Joseph Haydn n’est pas un passeur. Plus que le transformateur des grandes formes musicales classiques, c’est un compositeur subversif. Au-delà d’une tradition artistique faite de curiosité, de maîtrise des formes, Haydn, c’est l’imagination au pouvoir. Alors comment lutter contre la formule « papa Haydn ». Comment expliquer que cette musique n’est pas la caricature ennuyeuse de la « musique XVIIIe » qu’on présente, coincée entre Bach et Mozart ? L’académisme qu’on lui colle à la peau lui est en fait étranger, et il faut sans cesse rappeler son titre : créateur (après tout Joseph Haydn n’est pas Théodore Dubois).

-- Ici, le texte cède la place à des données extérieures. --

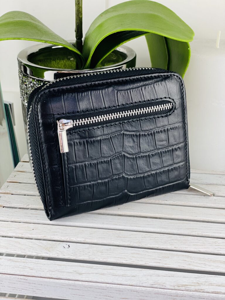 Портмоне Mario-8810 черный крокодил из натуральной кожи. На молнии. Внутри 2 отделения для купюр, 4 для пластиковых карт. На задней стенке отделение на молнии, монетница. Подкладка из полиэстера с логотипом. Удобный, маленький кошелек, не займет много место в женской сумочке или клатче.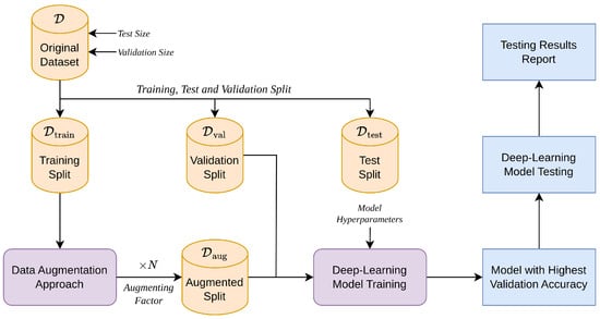 The training split, , serves as the input for the data augmentation process. The selected data augmentation approach and augmentation factor N are applied to expand the size of the training dataset by a factor of N (e.g., if the training split size is 100 images and the augmentation factor is 5, then the augmented split will contain 500 images). Following this approach, the augmented split is employed to train a specified deep learning model. Meanwhile, the validation split is used to calculate the validation accuracy and select the best model, i.e., the one that achieves the highest validation accuracy.

En écoutant ses sonates issues de l’intégrale que propose Ronald Brautigam, on comprend ce qui caractérise sa musique, ce qui la valorise par rapport à d’autres novateurs de son temps : Bach (Carl Philip Emmanuel), Wagensiel ou Stamitz. On suit l’évolution qui mène Haydn de la suite -de danses- baroque (Jean Sébastien Bach, François Couperin ou Jean Philippe Rameau) à la sonate beethovénienne. En 75 ans, il expose, développe 62 sonates pour le clavier. Pour le clavecin, le clavicorde, le piano ? Cela n’a pas vraiment d’importance. Haydn connaissait tous les instruments de son temps, et, souvent, ne précisait pas l’instrumentation (c’est une tradition de plusieurs siècles, le compositeur fournissait la musique seule et laissait de nombreux choix aux exécutants).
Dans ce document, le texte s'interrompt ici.